Minimum Wage Increase for Small Employers in Pennsylvania:
The higher of the federal or state minimum wage applies. Pennsylvania’s minimum wage, currently at $7.15/hour for all but small employers, has been higher than the federal minimum wage for a year and a-half now and will remain higher until July 24, 2009 when the federal minimum wage increases to $7.25/hour. But small employers in Pennsylvania, with ten or less full-time employees, have been governed by a lower minimum wage which increases today, July 1, 2008, from $6.65/hour to the same $7.15/hour already applicable to larger Pennsylvania employers. A lower training wage is also available for employees under age twenty but only during their first sixty calendar days of employment.
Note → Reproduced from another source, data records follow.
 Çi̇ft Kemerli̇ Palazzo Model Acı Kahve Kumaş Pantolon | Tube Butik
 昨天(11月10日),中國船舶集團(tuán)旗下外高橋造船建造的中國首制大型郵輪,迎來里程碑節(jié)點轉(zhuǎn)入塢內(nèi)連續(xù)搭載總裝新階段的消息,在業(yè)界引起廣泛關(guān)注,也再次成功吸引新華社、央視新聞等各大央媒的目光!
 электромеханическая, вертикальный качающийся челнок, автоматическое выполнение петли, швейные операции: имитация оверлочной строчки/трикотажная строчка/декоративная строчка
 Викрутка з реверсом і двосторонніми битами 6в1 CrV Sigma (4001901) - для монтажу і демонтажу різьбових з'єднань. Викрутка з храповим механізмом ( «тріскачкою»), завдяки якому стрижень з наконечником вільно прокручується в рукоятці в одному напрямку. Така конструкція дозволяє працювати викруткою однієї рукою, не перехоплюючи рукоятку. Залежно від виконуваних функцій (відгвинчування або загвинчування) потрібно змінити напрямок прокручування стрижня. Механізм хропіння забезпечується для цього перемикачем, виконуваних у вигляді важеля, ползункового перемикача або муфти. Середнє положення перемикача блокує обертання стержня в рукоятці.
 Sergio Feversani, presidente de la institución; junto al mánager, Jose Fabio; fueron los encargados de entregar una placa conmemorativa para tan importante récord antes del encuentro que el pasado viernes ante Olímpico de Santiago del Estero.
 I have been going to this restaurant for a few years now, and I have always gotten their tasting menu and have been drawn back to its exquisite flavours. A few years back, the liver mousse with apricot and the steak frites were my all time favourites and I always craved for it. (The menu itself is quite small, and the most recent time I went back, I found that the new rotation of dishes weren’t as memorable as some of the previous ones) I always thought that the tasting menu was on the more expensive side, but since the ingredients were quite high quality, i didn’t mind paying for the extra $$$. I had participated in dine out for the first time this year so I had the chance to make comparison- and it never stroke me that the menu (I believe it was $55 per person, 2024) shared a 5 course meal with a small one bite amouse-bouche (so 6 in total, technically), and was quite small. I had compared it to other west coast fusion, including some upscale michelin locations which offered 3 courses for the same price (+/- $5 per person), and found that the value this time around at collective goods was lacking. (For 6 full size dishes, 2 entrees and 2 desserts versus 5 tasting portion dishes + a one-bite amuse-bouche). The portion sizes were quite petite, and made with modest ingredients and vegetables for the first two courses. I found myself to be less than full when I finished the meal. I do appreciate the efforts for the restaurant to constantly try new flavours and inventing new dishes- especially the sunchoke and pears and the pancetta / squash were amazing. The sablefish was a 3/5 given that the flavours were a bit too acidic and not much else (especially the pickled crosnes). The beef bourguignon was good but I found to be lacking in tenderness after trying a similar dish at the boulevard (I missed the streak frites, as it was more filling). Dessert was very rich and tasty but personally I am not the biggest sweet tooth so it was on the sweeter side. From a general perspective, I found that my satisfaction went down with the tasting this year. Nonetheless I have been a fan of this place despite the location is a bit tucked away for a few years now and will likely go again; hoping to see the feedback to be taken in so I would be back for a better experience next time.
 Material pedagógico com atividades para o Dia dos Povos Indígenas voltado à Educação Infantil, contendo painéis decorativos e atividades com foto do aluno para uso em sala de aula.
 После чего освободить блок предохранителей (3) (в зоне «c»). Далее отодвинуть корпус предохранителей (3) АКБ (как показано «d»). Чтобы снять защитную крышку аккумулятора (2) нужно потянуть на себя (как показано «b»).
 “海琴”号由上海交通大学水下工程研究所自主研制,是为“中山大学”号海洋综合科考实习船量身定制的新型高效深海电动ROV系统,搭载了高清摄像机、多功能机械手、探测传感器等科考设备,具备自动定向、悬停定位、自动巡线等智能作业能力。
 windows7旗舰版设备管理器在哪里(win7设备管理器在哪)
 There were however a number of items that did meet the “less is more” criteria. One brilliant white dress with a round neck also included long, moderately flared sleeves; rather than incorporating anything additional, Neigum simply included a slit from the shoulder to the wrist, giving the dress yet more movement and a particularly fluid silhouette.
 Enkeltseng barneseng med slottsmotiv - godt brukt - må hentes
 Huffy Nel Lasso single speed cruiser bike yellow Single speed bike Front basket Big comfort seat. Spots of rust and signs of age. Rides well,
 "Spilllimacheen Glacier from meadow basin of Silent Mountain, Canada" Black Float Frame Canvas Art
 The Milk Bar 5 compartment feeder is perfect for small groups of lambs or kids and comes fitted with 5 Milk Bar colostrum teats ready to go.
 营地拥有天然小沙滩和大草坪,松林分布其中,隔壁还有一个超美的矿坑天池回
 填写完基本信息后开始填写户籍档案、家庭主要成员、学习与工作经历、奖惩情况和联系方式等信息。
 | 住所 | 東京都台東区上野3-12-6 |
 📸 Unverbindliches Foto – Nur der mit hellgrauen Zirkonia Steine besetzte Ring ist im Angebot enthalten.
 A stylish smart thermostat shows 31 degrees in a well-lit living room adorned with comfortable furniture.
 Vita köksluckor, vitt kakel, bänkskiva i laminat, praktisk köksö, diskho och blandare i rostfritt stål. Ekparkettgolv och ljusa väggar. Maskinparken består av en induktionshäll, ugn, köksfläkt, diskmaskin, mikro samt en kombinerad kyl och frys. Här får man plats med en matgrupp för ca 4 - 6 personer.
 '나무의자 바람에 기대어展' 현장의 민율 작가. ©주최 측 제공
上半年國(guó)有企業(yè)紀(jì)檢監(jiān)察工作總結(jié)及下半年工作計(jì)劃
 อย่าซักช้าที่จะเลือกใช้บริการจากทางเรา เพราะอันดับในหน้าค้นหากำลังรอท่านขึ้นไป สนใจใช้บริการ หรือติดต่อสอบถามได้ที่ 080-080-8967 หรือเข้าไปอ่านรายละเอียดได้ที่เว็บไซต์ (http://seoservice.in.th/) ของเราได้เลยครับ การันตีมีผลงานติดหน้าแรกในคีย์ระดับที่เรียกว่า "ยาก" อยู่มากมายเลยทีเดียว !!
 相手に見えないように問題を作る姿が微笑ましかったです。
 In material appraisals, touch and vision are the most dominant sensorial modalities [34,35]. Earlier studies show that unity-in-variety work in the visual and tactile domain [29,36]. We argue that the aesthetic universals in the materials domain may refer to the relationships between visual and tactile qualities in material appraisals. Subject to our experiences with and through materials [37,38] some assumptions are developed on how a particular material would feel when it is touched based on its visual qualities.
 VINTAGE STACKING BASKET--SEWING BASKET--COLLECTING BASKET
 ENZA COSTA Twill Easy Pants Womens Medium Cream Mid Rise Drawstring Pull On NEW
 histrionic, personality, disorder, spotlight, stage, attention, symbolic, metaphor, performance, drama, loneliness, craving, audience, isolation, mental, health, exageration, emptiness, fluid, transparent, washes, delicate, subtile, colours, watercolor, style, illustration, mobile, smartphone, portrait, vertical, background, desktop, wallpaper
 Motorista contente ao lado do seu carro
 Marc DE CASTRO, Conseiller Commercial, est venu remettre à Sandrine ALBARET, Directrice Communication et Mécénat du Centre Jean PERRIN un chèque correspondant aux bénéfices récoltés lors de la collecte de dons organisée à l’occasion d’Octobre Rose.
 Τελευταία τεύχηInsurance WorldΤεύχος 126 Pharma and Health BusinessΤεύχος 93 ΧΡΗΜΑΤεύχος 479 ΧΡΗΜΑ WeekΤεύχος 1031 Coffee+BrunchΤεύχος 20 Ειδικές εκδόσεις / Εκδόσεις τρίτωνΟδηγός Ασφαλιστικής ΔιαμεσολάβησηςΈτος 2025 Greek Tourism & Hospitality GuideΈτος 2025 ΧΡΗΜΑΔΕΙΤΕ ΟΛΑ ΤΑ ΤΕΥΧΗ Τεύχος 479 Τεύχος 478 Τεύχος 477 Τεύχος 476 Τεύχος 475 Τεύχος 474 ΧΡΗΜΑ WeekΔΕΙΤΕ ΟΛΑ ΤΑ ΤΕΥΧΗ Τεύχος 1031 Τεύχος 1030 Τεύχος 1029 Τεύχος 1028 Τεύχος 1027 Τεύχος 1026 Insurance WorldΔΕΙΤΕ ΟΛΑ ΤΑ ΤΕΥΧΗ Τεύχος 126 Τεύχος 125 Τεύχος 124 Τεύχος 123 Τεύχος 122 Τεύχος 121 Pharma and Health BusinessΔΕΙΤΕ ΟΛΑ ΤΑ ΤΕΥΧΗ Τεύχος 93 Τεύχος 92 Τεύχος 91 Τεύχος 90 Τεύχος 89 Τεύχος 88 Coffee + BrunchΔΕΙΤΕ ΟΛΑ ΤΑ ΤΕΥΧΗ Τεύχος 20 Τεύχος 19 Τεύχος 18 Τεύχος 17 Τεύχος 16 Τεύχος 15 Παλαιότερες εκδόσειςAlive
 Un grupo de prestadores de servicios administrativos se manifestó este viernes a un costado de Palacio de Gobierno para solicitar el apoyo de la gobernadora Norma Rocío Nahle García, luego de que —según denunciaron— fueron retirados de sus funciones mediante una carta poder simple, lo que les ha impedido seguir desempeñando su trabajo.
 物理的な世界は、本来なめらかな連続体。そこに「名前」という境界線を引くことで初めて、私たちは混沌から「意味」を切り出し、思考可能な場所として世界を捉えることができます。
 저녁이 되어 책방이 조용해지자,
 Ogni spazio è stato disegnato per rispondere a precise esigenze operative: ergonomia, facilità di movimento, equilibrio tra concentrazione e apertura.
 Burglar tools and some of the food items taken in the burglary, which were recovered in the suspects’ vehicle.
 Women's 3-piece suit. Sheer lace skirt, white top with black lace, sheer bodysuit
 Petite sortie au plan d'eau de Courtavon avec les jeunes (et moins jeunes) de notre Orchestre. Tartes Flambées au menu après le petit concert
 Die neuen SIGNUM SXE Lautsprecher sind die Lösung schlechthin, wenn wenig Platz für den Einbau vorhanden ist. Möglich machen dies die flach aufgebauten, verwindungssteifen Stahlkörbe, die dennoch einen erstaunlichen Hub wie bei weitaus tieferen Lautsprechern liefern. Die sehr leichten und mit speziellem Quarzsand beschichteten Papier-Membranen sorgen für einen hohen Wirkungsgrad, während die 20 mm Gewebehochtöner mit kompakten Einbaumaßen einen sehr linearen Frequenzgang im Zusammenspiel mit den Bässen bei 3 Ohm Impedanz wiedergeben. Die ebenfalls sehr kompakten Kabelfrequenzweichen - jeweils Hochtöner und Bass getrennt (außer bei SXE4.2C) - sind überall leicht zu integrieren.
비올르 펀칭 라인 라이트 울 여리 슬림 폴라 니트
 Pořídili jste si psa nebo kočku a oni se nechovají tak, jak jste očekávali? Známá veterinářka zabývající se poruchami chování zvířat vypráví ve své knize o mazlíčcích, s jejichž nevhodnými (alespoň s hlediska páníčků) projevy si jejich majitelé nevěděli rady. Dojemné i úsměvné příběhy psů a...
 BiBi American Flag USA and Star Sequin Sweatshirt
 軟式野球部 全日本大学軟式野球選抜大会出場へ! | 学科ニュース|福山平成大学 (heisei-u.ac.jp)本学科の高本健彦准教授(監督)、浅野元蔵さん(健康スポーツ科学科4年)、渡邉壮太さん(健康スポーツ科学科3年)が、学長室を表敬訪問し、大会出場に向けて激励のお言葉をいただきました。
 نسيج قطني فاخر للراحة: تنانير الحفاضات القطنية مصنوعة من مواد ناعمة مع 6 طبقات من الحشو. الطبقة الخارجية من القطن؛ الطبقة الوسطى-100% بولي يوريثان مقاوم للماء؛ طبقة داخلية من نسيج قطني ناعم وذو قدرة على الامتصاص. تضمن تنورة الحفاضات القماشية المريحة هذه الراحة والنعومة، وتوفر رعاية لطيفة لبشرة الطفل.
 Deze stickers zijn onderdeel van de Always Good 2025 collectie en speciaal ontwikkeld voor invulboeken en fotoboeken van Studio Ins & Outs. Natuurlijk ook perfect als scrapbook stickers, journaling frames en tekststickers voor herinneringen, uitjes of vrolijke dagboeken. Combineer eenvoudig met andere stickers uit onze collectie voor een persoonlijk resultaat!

Those located in other states should also follow state as well as federal minimum law because the minimum wage rates of many states are higher than the federal law.
Even if you don’t have any employees paid at the minimum wage, this is just another sad reminder of how complicated wage and hour law has become. As if federal wage and hour law is not complicated and convoluted enough, there are various differences between federal and many states’ laws that can also create problems. A periodic review or audit of your policies and practices in this area is advised, including whether you are properly classifying individuals as exempt from overtime pay.